**HOW TO COMPLETE THIS TASK:** From the line containing "China (cm) 165" to the last line of the data, both included, transcribe each line exactly, leaving out pictures and adding nothing.

**INPUT:**

=-=-=-=-=

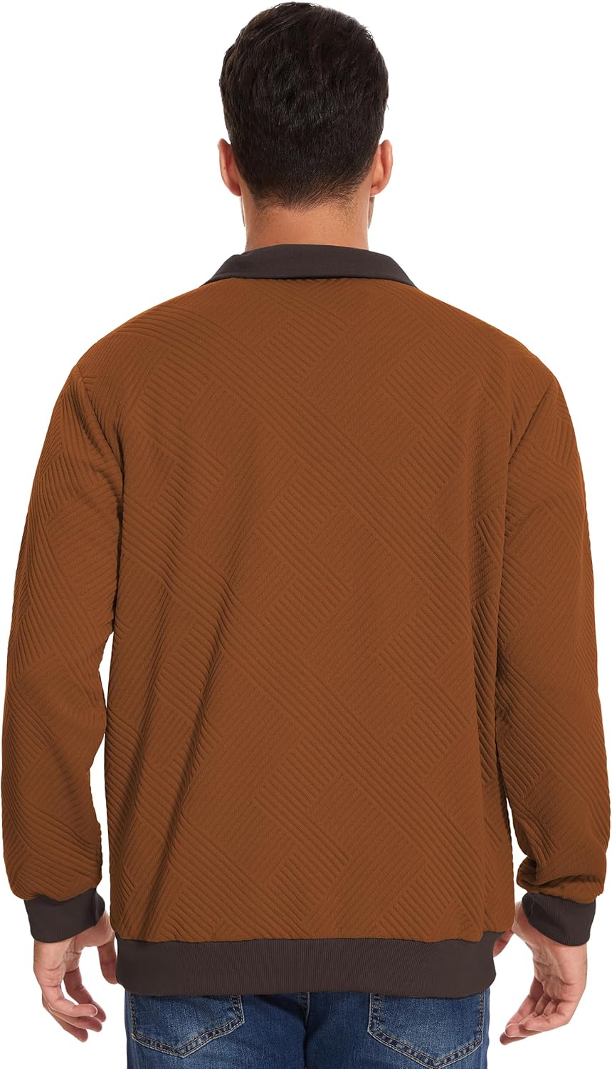 【Design】:Mens 1/4 zip pullover features a modern geometric pattern, combined with multi-functional snap pocket and quarter-zip design, making it ideal for both casual outings and formal events. The stand collar adds a touch of refinement, while the two side pockets provide convenient storage for keys, phones, wallets, and other small items.
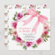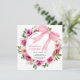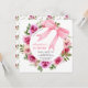 O convite de aniversário de uma menina doce apresenta uma flor de rosa de aquarela com um arco rosa grande.
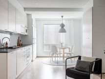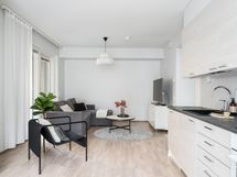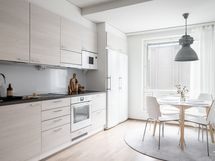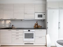 Keittiö ja olohuone yhdistyvät viihtyisäksi oleskelutilaksi, jossa on helppo viettää aikaa perheen tai ystävien kanssa. Keittiön varustuksessa on täysikorkeat jääkaappi ja -pakastin sekä kaksilehtisen oven taakse kätkeytyvä aamiaiskaappi.
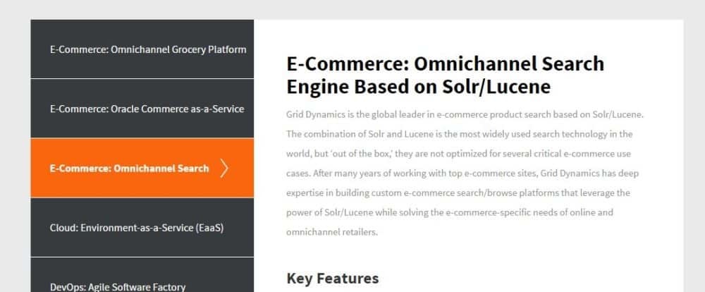 Grid Dynamics is the engineering IT services company known for transformative, mission-critical cloud solutions for retail, finance and technology sectors. It is known to specialize in big data analytics, scalable Omni-channel services, DevOps, and cloud enablement. The four specifications of Grid Dynamics are “architect” which provide scalable, cloud-ready application blueprints, “develop” dealing with innovative and reliable cloud applications and services, “release” which introduces new features continuously with automated test pipelines and “operate” the mission-critical cloud applications & infrastructure.The architectural services provided by Grid Dynamics are blueprint development and customization, cloud readiness assessment and recommendations, new product and platform roadmap consulting, new platform pilots and technology POCs and ongoing architectural consulting and report.Other services provided for e-commerce include Big Data Engineering Services with key use cases in e-commerce and retail, internet advertising, telecommunications and other industries. QA Automation include testing services for all kinds of testing domains. Cloud Engineering has its key use cases in Enviornment-as-a-Service (EaaS), elastic production, cloud enablement, cloud optimization, continuous integration/continuous delivery (CICD), automated test environments and much more. UI/Full Stack Engineering specializing in web language. Release Engineering/DevOps having key use cases in developer self-service, continuation integration, continuous delivery, provisioning and deployment automation, test automation enablement, schema management, code reviews etc. Search Engine Development with its key uses in merchandising rules, Omni-channel and personalized search. Mobile Development provides full lifecycle support for mobile application development. Key services include mobile architecture design, manual testing, publishing and app monitoring.
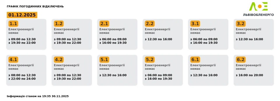 Про це повідомило Львівобленерго.Графік погодинних відключень на 1 грудняфото: ЛьвівобленергоІнформація станом на 19:35 30 листопадаГрупа 1.1. Електроенергії немає з 09:00 до 12:30, з 19:30 до 22:00.Група 1.2. Електроенергії немає з 09:00 до 12:30, з 19:30 до 22:00.Група 2.1. Електроенергії немає з 06:00 до 09:00, з 16:00 до 19:30.Група 2.2. Електроенергії немає з 12:30 до 16:00.Група 3.1. Електроенергії немає з 06:00 до 09:00, з 16:00 до 19:30.Група 3.2. Електроенергії немає з 12:30 до 16:00.Група 4.1. Електроенергії немає з 08:00 до 12:30, з 22:00 до 24:00.Група 4.2. Електроенергії немає з 09:00 до 12:30, з 19:30 до 22:00.Група 5.1. Електроенергії немає з 12:30 до 16:00.Група 5.2. Електроенергії немає з 06:00 до 09:00, з 16:00 до 19:30.Група 6.1. Електроенергії немає з 12:30 до 16:00.Група 6.2. Електроенергії немає з 16:00 до 20:00.
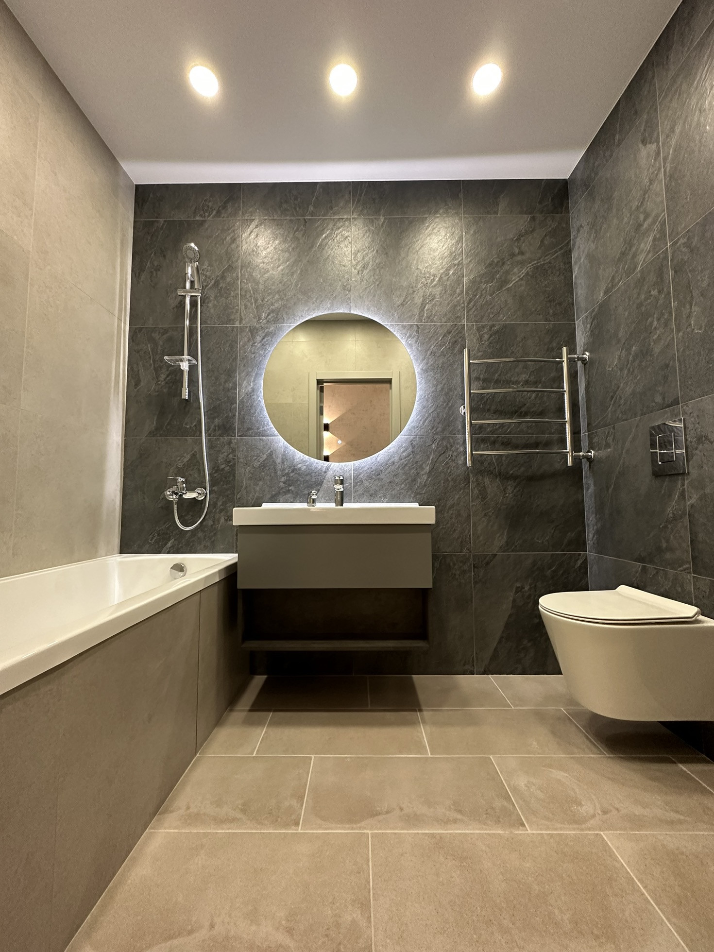 В прихожей и во всех санузлах тёплый пол с датчиками регулирования, в одном санузле туалет и ванная, в другом туалет и душевая, на стенах и на полу керамогранит, дорогая сантехника, инсталляции Grohe
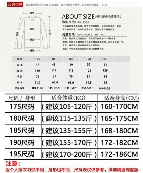 China (cm) 165 / 88-90 170 / 96-98 175 / 108-110 180 / 118-122 185 / 126-130
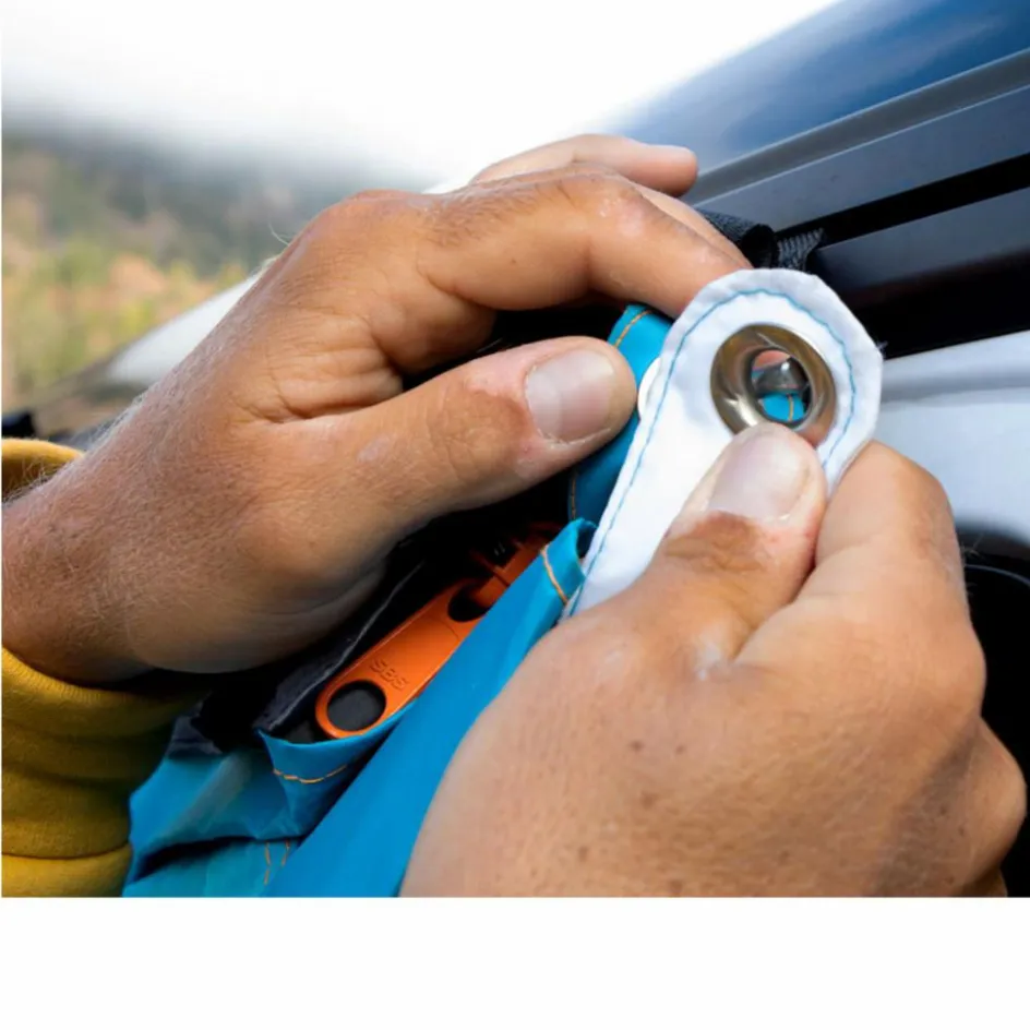 So abgespannt, kann der Universal Fahrzeugadapter mittels Klemmen oder Saugnäpfen (nicht enthalten) an Fahrzeugen ohne Kederschiene montiert werden.

=-=-=-=-=

**EXERCISE SOLUTION:**
 China (cm) 165 / 88-90 170 / 96-98 175 / 108-110 180 / 118-122 185 / 126-130
 So abgespannt, kann der Universal Fahrzeugadapter mittels Klemmen oder Saugnäpfen (nicht enthalten) an Fahrzeugen ohne Kederschiene montiert werden.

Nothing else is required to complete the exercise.